Operation CuckooBees: Notorious Chinese hackers took trillions of dollars from about 30 companies

Researchers have revealed a sophisticated Winnti cyber attack that makes use of Windows systems in a "rarely observed" method.

According to Cybereason, the campaign is being carried out by the Chinese advanced persistent threat (APT) group Winnti, which has gone undiscovered for years.

APT 41, or "Winnti" – which also goes by the affiliate names BARIUM and Blackfly – is one of the most prolific and successful Chinese state-sponsored threat groups, with a history of launching CCP-backed espionage and financially motivated attacks on U.S. and other international targets, which are frequently aligned with China's Five-Year economic development plans.

Cyberattacks targeting video game makers, software vendors, and colleges in Hong Kong have all been linked to the group in the past. When the critical vulnerabilities in Microsoft Exchange Server ProxyLogon were first made public, Winnti, along with other APTs, made use of them.

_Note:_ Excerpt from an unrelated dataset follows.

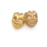 Broche/Pendentif en or jaune 750‰ à décor de deux masques de théâtre (la comédie et la tragédie), l'un lisse l'autre satiné agrémentés de diamants.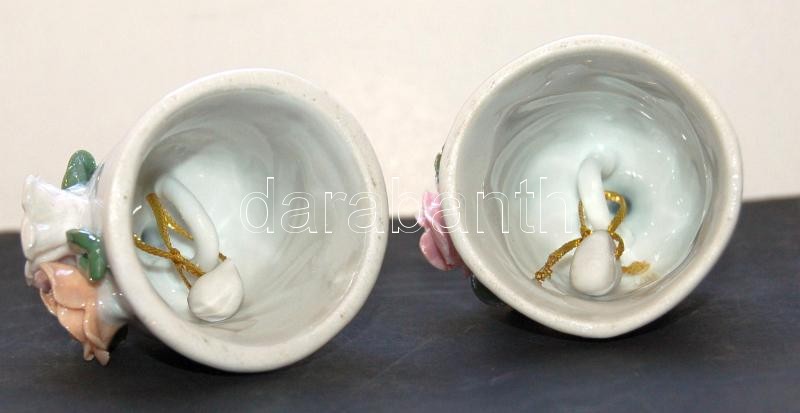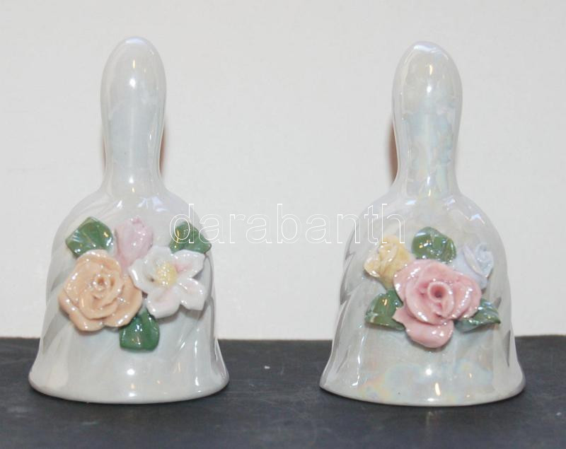 2db jelzés nélküli virágdomborműves kis porcelán harang (8cm magasak) ...

Watch | Gravitas: How China breached thousands of organisations with one hacking operation

Cybereason said it briefed both the FBI and the US Department of Justice (DoJ) on the APT's campaign, which has been active since 2019 but was just recently identified, in two reports issued on Wednesday.

According to cybersecurity experts, clandestine operations have targeted the networks of technology and manufacturing organisations in Europe, Asia, and North America, with the goal of obtaining valuable private data.

Winnti's "multi-stage infection chain," dubbed "Operation CuckooBees," starts with exploiting weaknesses in enterprise resource planning (ERP) software and the deployment of the Spyder loader. Some of the exploited issues were known, but others were zero-day vulnerabilities, according to the researchers.